Pero no había dado término aún a su velada la juventud ociosa.
Se veía en una de las ventanas del Hotel Chevalier, a través de las tablillas del cerrado postigo, la luz que la ley prohibía. Estacionaban ante la puerta del Chevalier algunos trineos y coches de plaza, y una troika de postas. Arrebujado en su pelliza, buscaba refugio el portero en un rincón del vestíbulo.

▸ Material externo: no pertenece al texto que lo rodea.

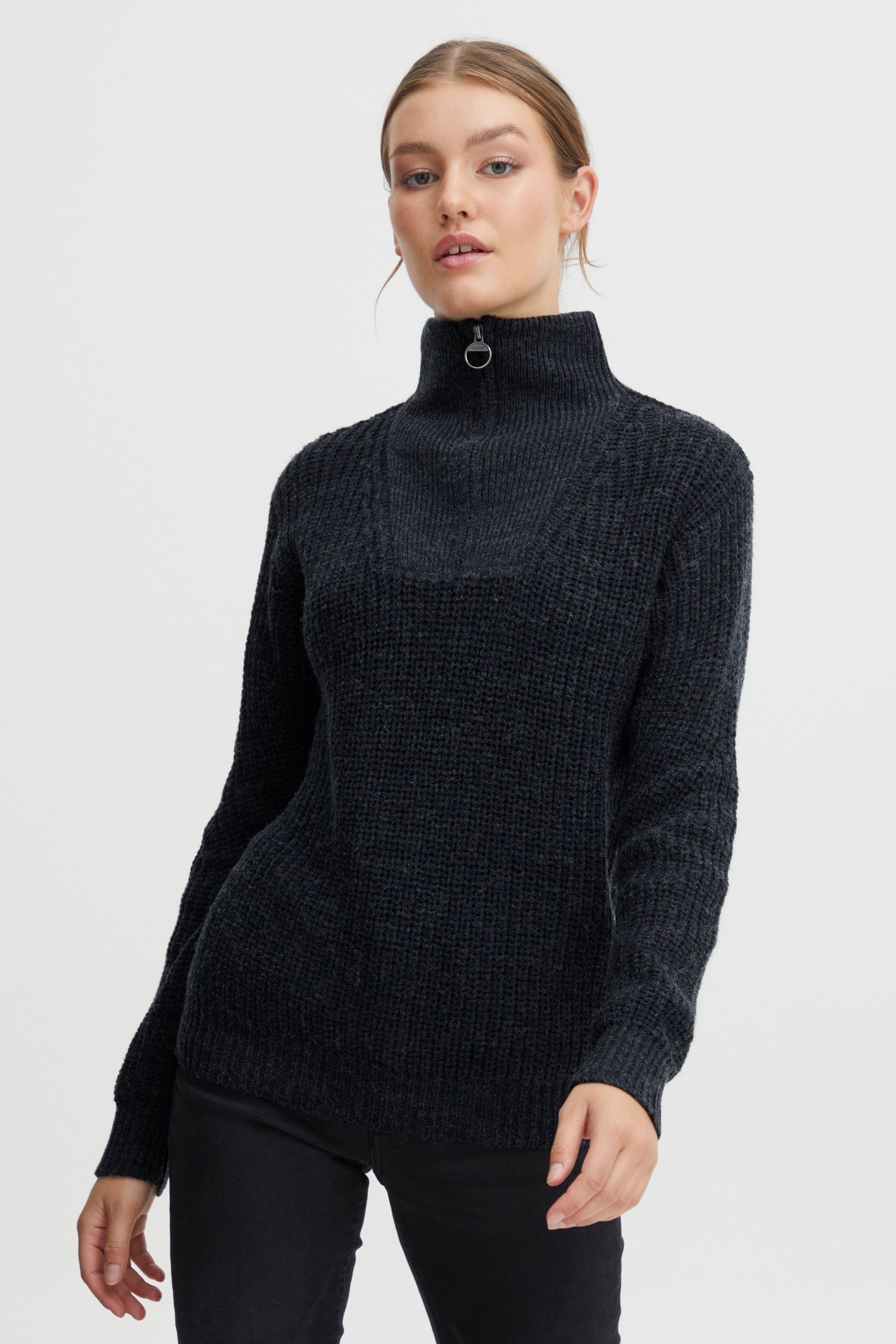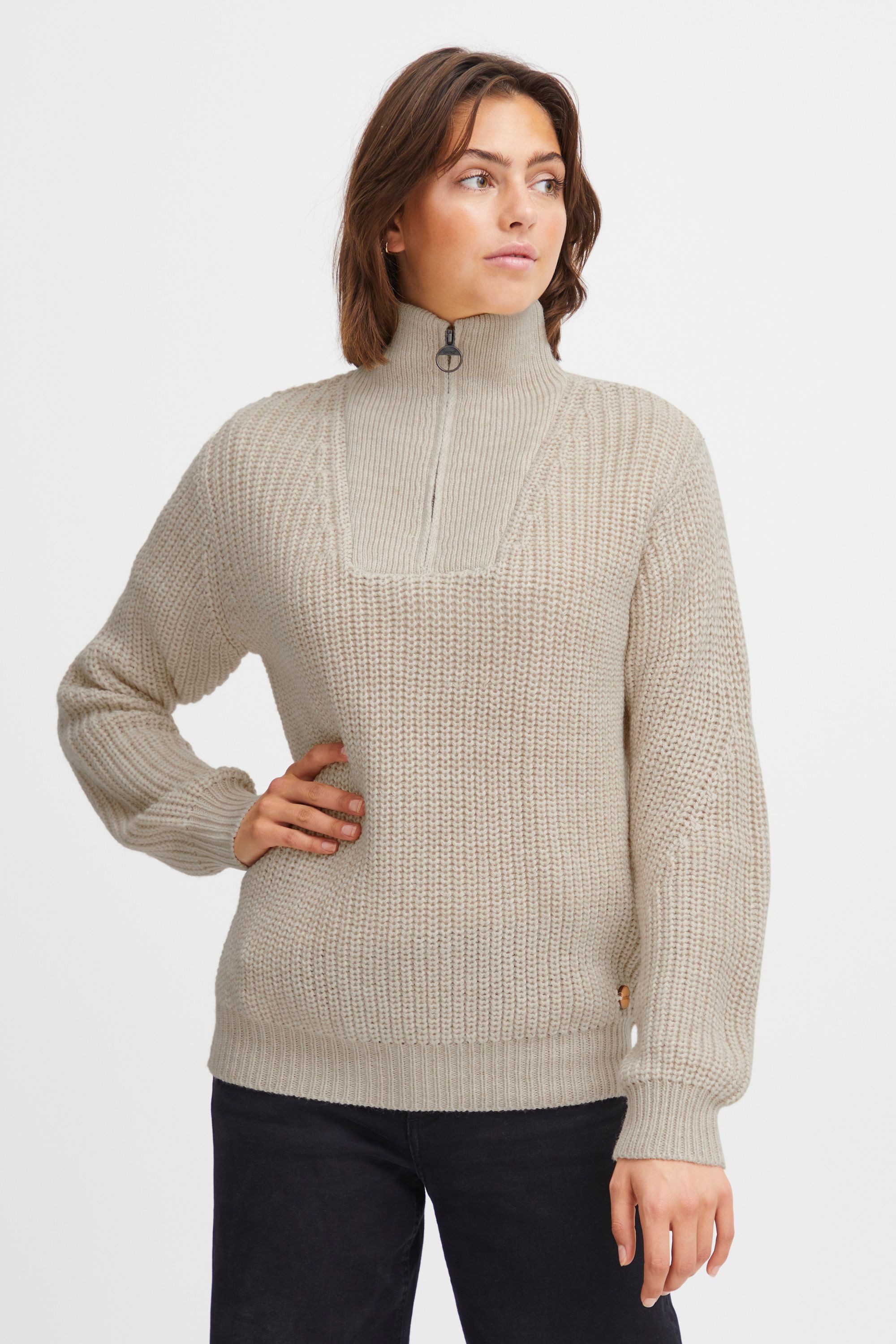 Dieser Grobstrickpullover für Damen mit klassischem Troyer-Kragen verbindet sportliche Details mit einem stilvollen Look. Die hochwertige Qualität und Verarbeitung sorgen für angenehmen Tragekomfort und eine strukturierte Passform – ideal für den Alltag oder besondere Anlässe. Ob kombiniert mit einer Jeans für einen lässigen Look oder mit einer Stoffhose für ein gepflegtes Outfit – dieser Pullover lässt sich vielseitig tragen und stilvoll kombinieren. Ein ausdrucksstarkes Basic mit funktionalem Kragen und zeitlosem Charakter.

Un camarero del establecimiento, de pálido y cenceño rostro, sentado en el otro cuarto, se preguntaba:
—¿En qué pasarán su tiempo la noche íntegra? Siempre que estoy de servicio me toca la misma suerte.
Se oían las voces de tres jóvenes que estaban cenando en la habitación contigua. Estaban sentados en torno de una mesa en la cual se veían los restos de una cena. Uno de los jóvenes, de escasa estatura, delgado, atildado y extremadamente feo, miraba con ojos bondadosos a otro que estaba a punto de marcharse. El segundo de los jóvenes muy buen mozo, se hallaba tendido sobre un diván, juntó a la mesa repleta de botellas vacías. El tercero de los mancebos, que vestía una corta pelliza, paseábase por el cuarto, deteniéndose de vez en cuando para tomar y cascar almendras con sus manos rudas y pesadas, aunque muy bien cuidadas. Sonreía sin cesar y sus ojos brillaban; sus mejillas estaban encendidas. Charlaba calurosamente, haciendo grandes gestos, y buscaba los términos que con frecuencia no acudían a sus labios, para dar forma a su pensamiento y para expresar lo que abrumaba su corazón.